▸ WORK ORDER: For this exercise, repeat the whole listing below exactly. Leave the pictures out.

▸ DATA SEGMENT:
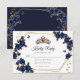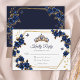 Navy Blue Golden Roses Tiara Quinceañera RSVP Card
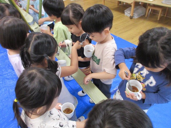 8月、昨年度の夏に絵本献立として行った『流しそうめん』が子ども達に好評で「つぎのなつもやりたい!」と、昨年度からリクエストされていたので、夏の恒例行事に出来たらと、今年度も取り入れました。
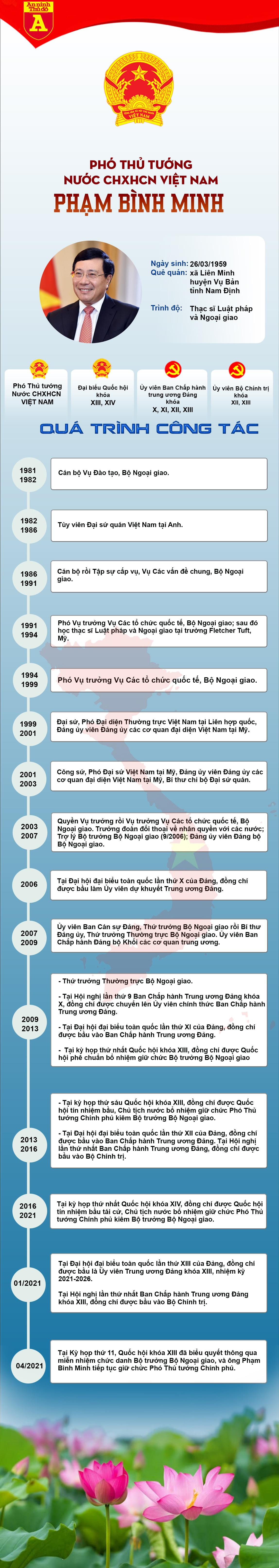 Trong danh sách do Thủ tướng Chính phủ Phạm Minh Chính trình ra Quốc hội để nghị phê chuẩn việc miễn nhiệm sáng ngày 7-4-2021, trong số các Phó Thủ tướng chỉ có ông Trịnh Đình Dũng được đề nghị phê chuẩn miễn nhiệm; trường hợp ông Phạm Bình Minh được đề nghị phê chuẩn miễn nhiệm chức Bộ trưởng Bộ Ngoại giao và tiếp tục giữ chức Phó Thủ tướng Chính phủ.
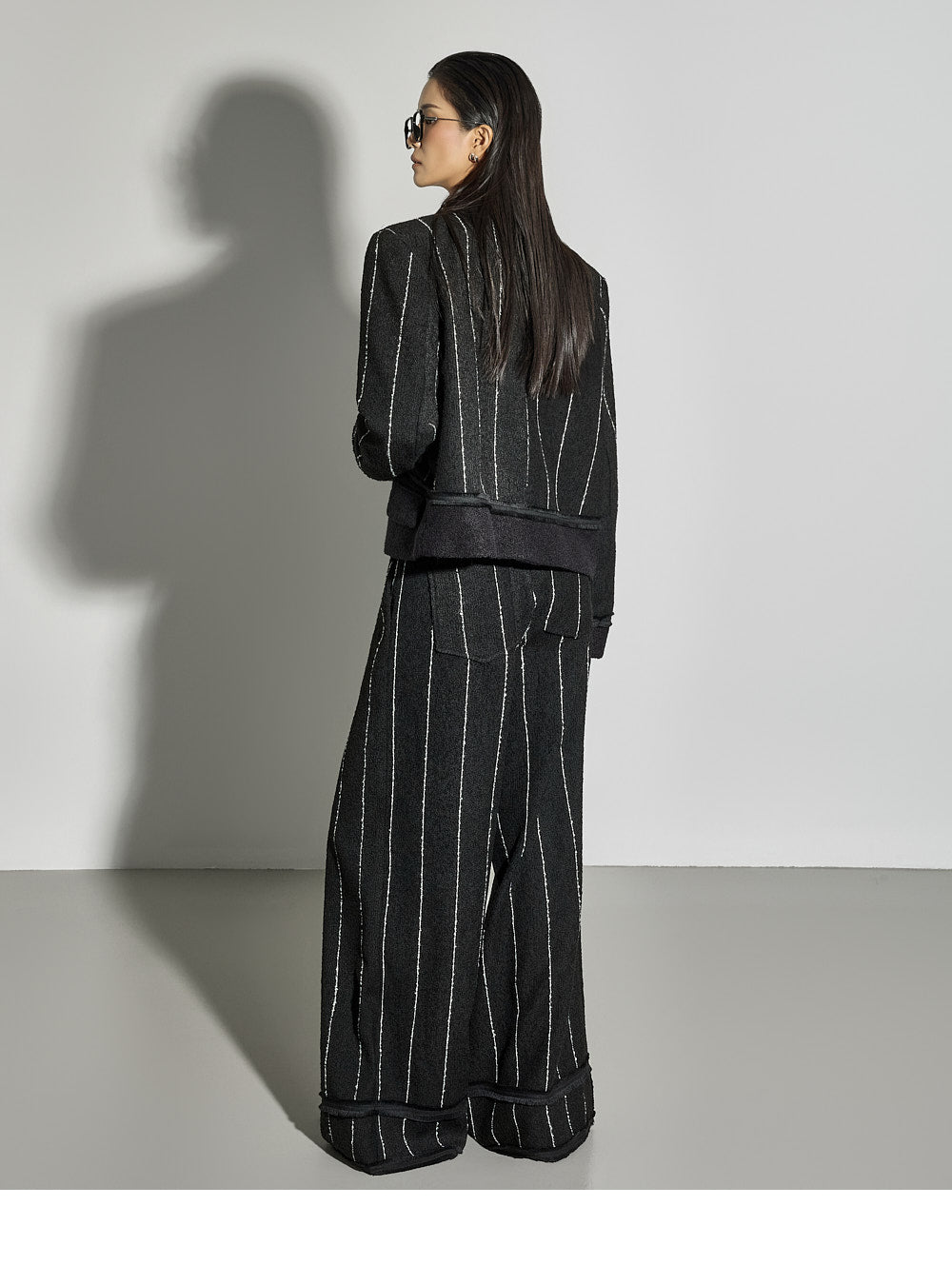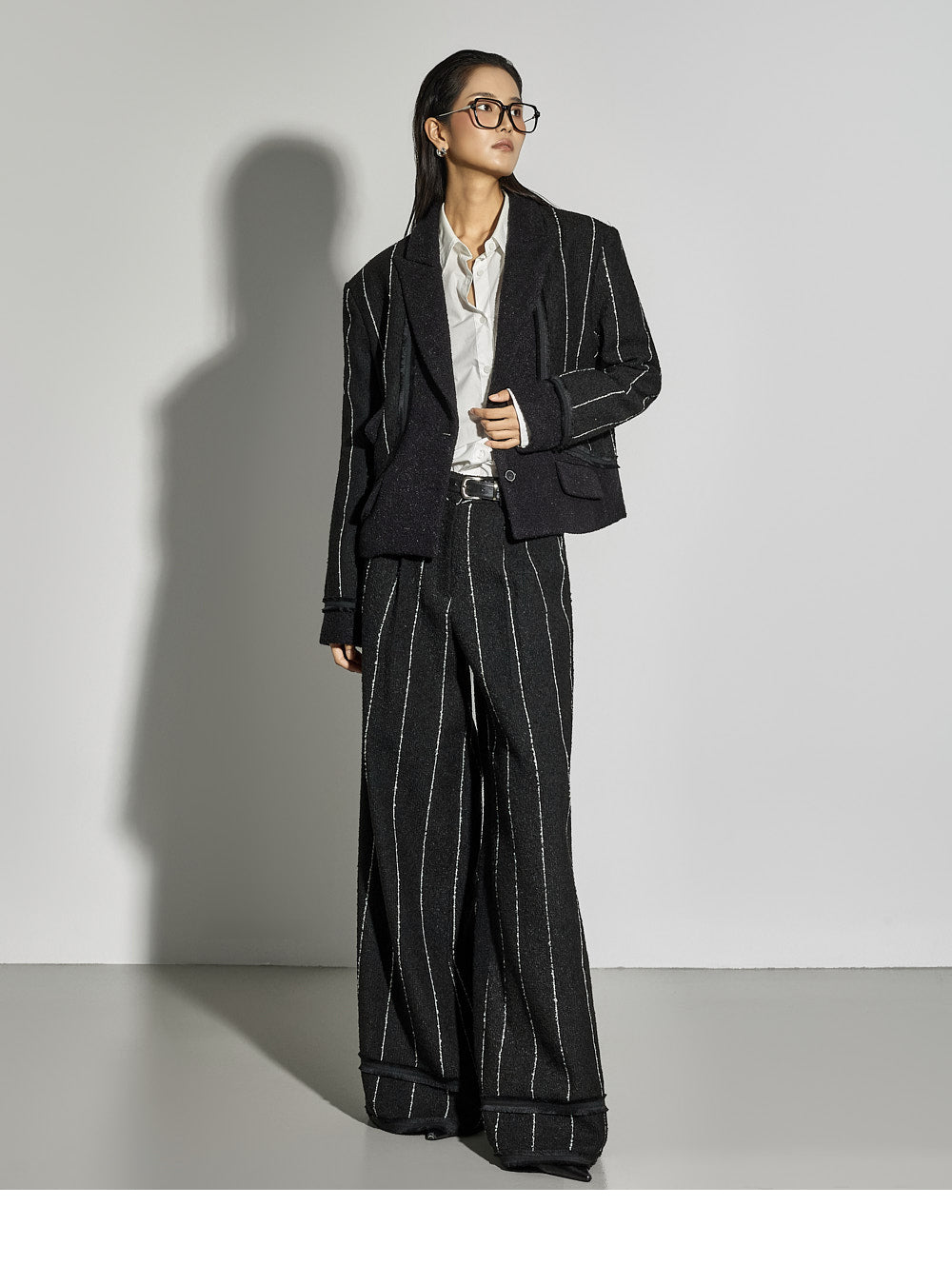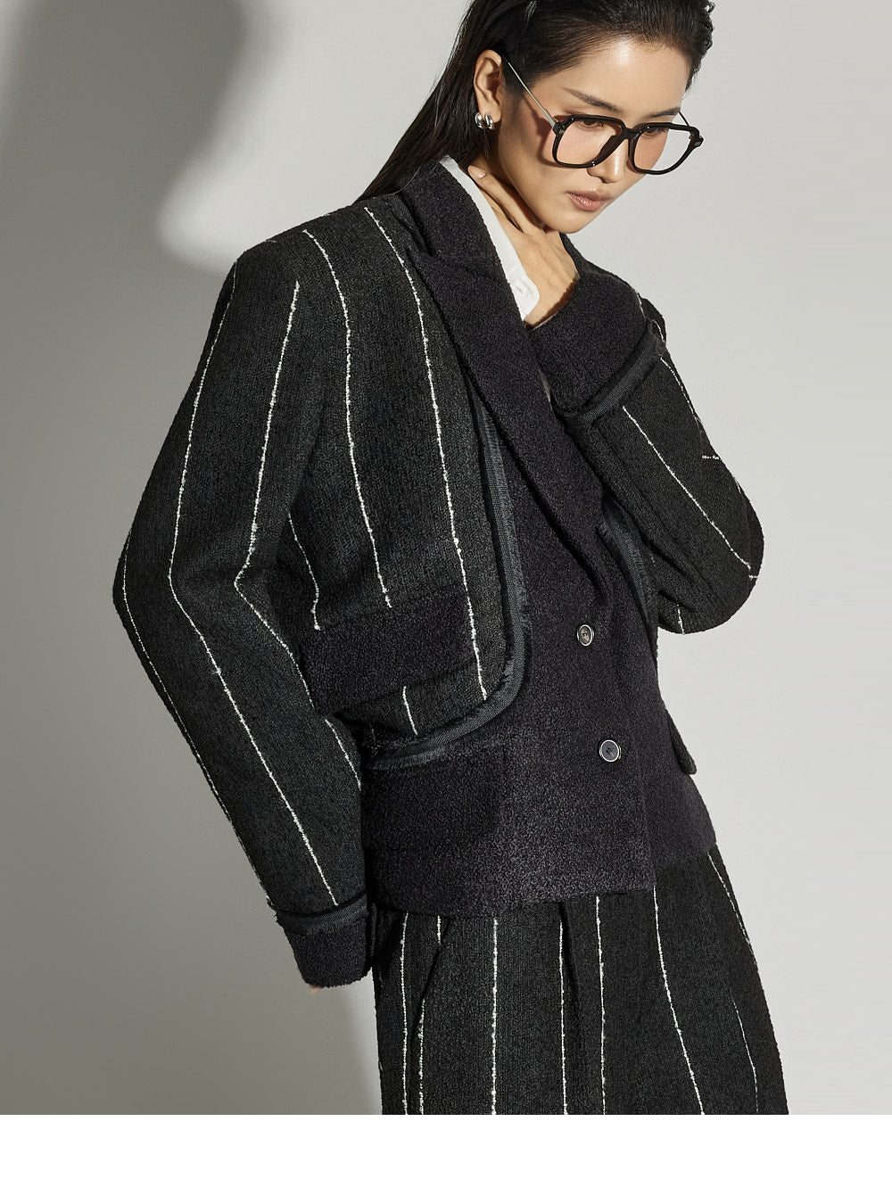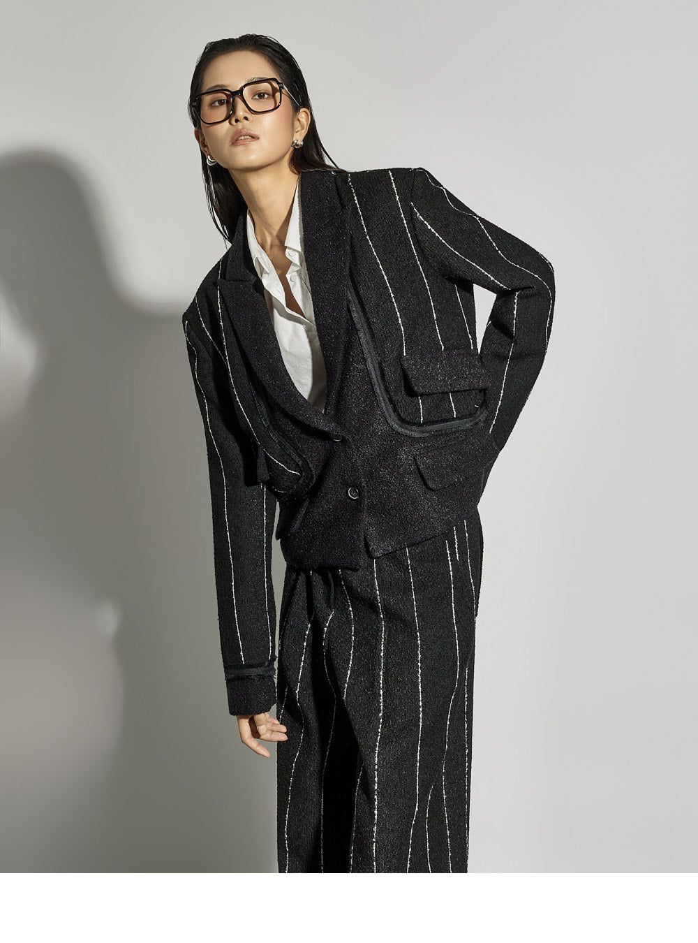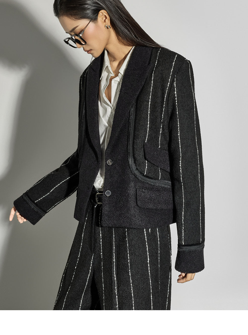 This chic cropped striped jacket is crafted from a polyester and wool blend,

▸ ANSWER BOX:
 Navy Blue Golden Roses Tiara Quinceañera RSVP Card
 8月、昨年度の夏に絵本献立として行った『流しそうめん』が子ども達に好評で「つぎのなつもやりたい!」と、昨年度からリクエストされていたので、夏の恒例行事に出来たらと、今年度も取り入れました。
 Trong danh sách do Thủ tướng Chính phủ Phạm Minh Chính trình ra Quốc hội để nghị phê chuẩn việc miễn nhiệm sáng ngày 7-4-2021, trong số các Phó Thủ tướng chỉ có ông Trịnh Đình Dũng được đề nghị phê chuẩn miễn nhiệm; trường hợp ông Phạm Bình Minh được đề nghị phê chuẩn miễn nhiệm chức Bộ trưởng Bộ Ngoại giao và tiếp tục giữ chức Phó Thủ tướng Chính phủ.
 This chic cropped striped jacket is crafted from a polyester and wool blend,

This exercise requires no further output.